Die Arbeit, die man in Suche und Motivation investieren muss, um Menschen zu finden, dazu zu bewegen diese Schritte zu gehen und diese Erfahrung mit sich selbst zu machen, ist imens. Fast zwei Jahre lang hat das Projekt WIR! von der Idee bis hin zu großen Performance WIR SIND HIER ! diese Arbeit geleistet und wurden dafür mit zwei ausverkauften Vorstellungen der Premiere am 17.Februar 2013 im Nationaltheater belohnt. In einem intensiven Scouting hatten WIR! nach Gruppen und Vereinen in Mannheim gesucht, die in irgendeiner Form mit Musik und Tanz die eigene Kultur pflegten, um sie für das WIR! Projekt zu begeistern. In unzähligen Workshops ging es immer darum, in wieweit man verschiedene Musik- und Tanzstile kombinieren kann. Das funktioniert nur über Kennenlernen und Ausprobieren. Wie genau diese Herangehensweise ablief, konnten Zuschauer im ersten Akt von WIR SIND HIER! in einem Parcour über Stationen in den Foyers des Nationaltheaters nachvollziehen. Jeweils zwei Stile wurden einzeln angespielt und dann vorsichtig übereinander gelegt.
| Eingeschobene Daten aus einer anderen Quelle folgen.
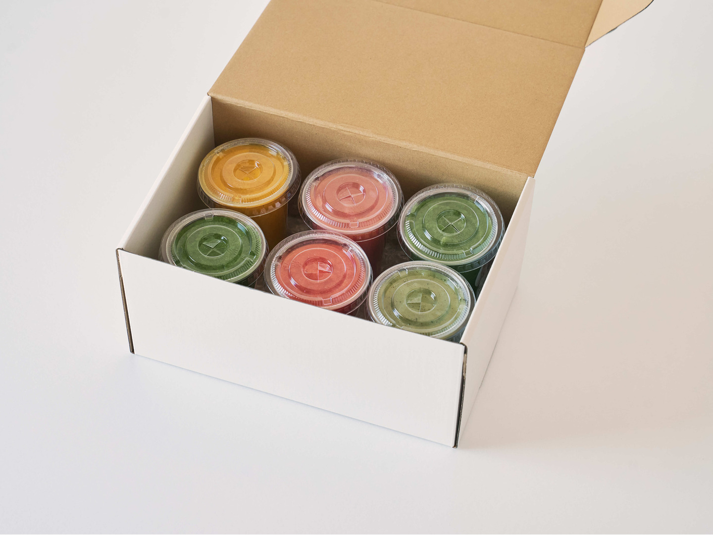 - 4 冷凍で出来上がった状態でお届けするので、あとは解凍して飲むだけ
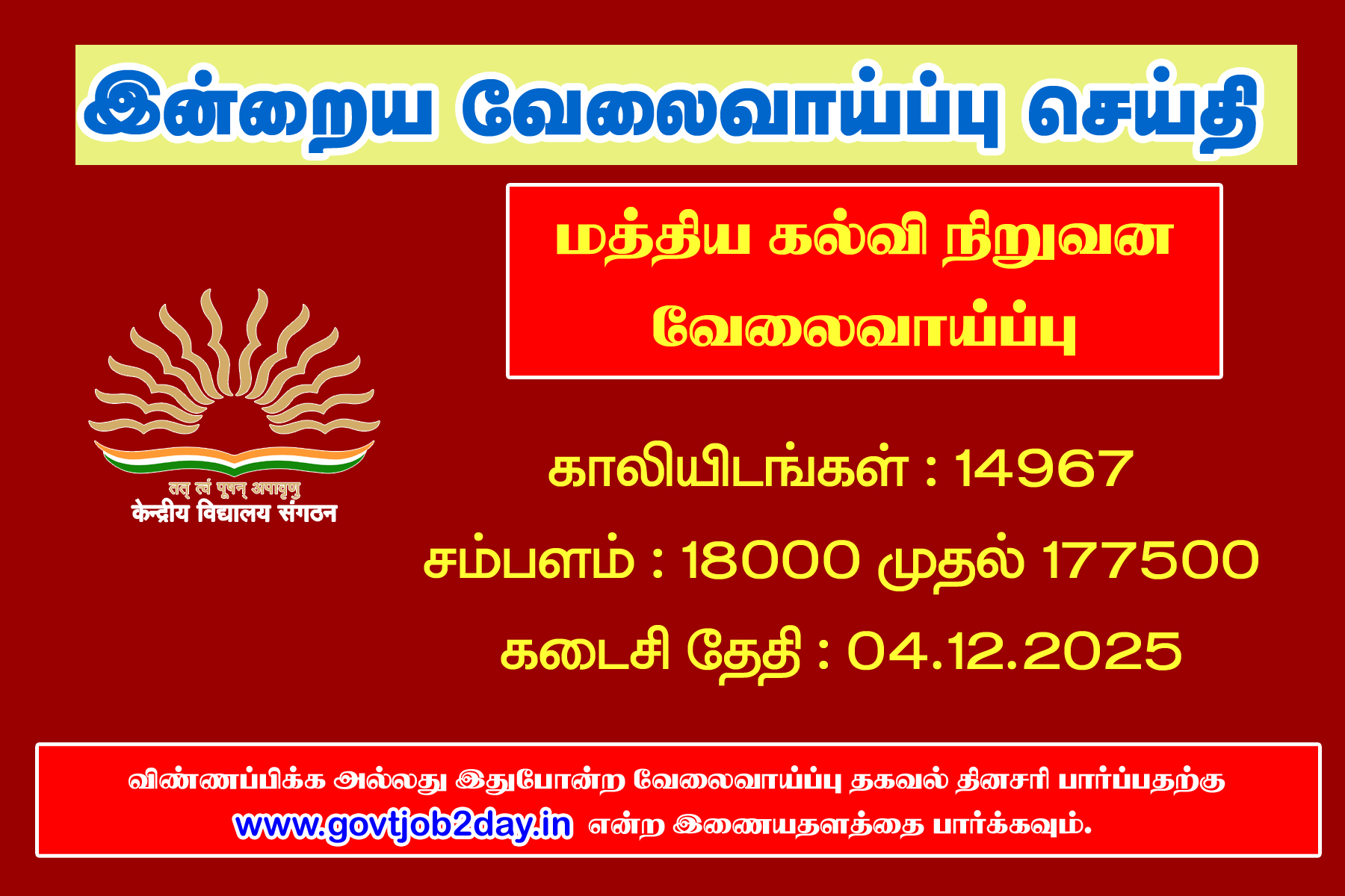 மத்திய அரசின் கீழ் இயங்கக்கூடிய Kendriya Vidyalaya Sangathan-ல் காலியாக உள்ள 14967 (Teaching & Non Teaching Posts) பணியிடங்களை நிரப்புவதற்காக வேலைவாய்ப்பு அறிவிப்பு வெளியிடப்பட்டுள்ளது. விருப்பமும், தகுதியும் உள்ளவர்கள் கீழ்கண்ட முறையில் விண்ணப்பித்து பயன்பெறுங்கள்.
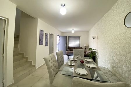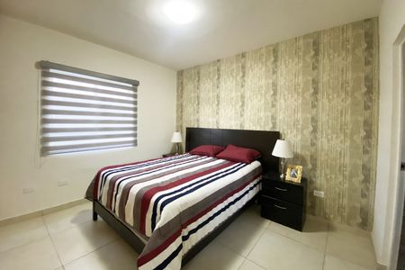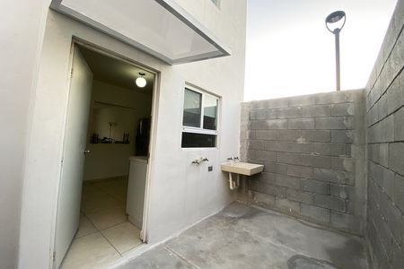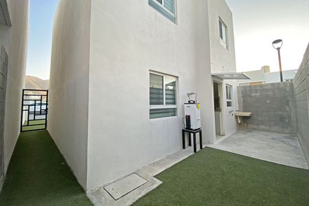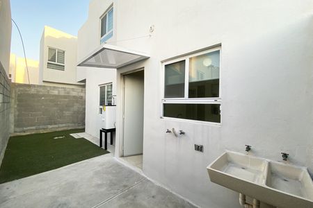 Planta Baja: Cochera descubierta para 1 auto, sala, comedor, medio baño, cocina integral, recámara con baño completo y closet, patio trasero con pasto sintético y área de servicio.
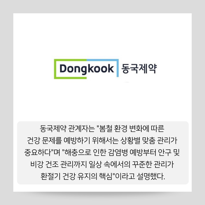 [카드] 봄철 건강 위협 늘어…동국제약 관리 아이템 제시
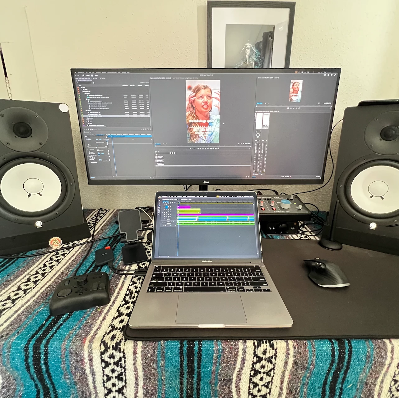 Using dual monitors with sequence timeline in laptop monitor and project dock, effects controls, program monitor, effects menu, additional program monitor, source monitor, and audio mixer in external ultrawide monitor.
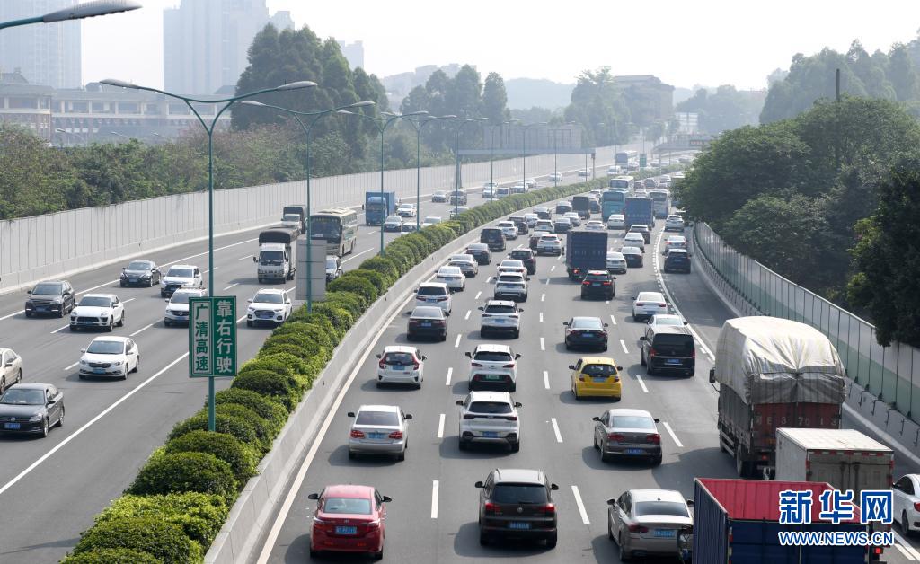 5月1日,廣州環(huán)城高速公路上車行緩慢。當日,廣州周邊高速公路迎來出行高峰。文化和旅游部5月5日晚間公布2021年“五一”假期旅游市場數(shù)據(jù)。統(tǒng)計顯示,5月1日至5日,全國國內旅游出游2.3億人次,同比增長119.7%,按可比口徑恢復至疫前同期的103.2%。新華社記者 盧漢欣 攝

In der anschließenden Performance des zweiten Aktes im Schauspielhaus wurden die Kombinationsmöglichkeiten dann mannigfaltig präsentiert. Die Musik kam in klassischer Form vom großen WIR!-Orchester, welches um einige weitere Instrumente wie z.B. Akkordeon ergänzt war, und als elektronische Musik vom Band. Dabei waren in die Kompositionen und Choreographien die Klänge und Rhythmen aus den Kulturräumen der Menschen eingearbeitet, die anfangs als Vertreter ihrer Kultur zum WIR!-Projekt kamen. Vertraute Musik zu fremden Tänzen zu spielen, Vertrautes auf fremde Musik zu tanzen um dann irgendwann Fremdes auf Bekanntes oder Fremdes mit anderem Fremden aufzuführen. Irgendwann fangen diese Kategorien an aufzuweichen, gleichzeitig wird die Arbeit stark idenitätsstiftend, da der Einzelne das Ursprüngliche nicht aufgeben muss und sich trotzdem mit neuen Aspekten bereichert. Von der Identifikation mit sich selbst, über die Gruppe, das Projekt ist es am Ende vielleicht so etwas abstraktes wie die Stadt, in der man lebt, mit der die Teilnehmer sich verbunden fühlen.
Erst wenn man sich vor Augen hält, auf wieviele Lernschritte man für diesen kreativen Prozess braucht, wird klar, wie wichtig die Impulsgeber vom WIR!-Team waren. Man kann sich selbst fragen, wieviel Input man bräuchte, um auf die Idee zu kommen etwas Anderes zu machen, als das was man sowieso schon immer tut und dies dann auch in die Tat umzusetzen. Diesen Input hat WIR! geliefert und deshalb kann deren Verdienst gar nicht hoch genug bewertet werden. Vor allem da hinter den Prontagonisten auf der Bühne ganze Vereine und gesellschaftliche Gruppen stehen, die sich durch das WIR!-Projekt repräsentiert und einbezogen sehen. So ist das auch ein großes Stück Integrationsarbeit und zwar in einer Form, die nicht danach fragt, wer hier wen integriert, sondern in einem auf Gegenseitigkeit und Gemeinsamkeit ausgerichteten Prozess die Chancen und das kreative Potential von Begegnungen ausschöpft.
Es bleibt zu hoffen, dass dieses in Mannheim gestartete Experiment durch weitere Unterstützung zum Aushängeschild der Stadt werden kann und sich so die investierte Arbeit als besonders nachhaltig erweist. Es schadet nicht, wenn man als Stadt etwas hat womit man angeben kann.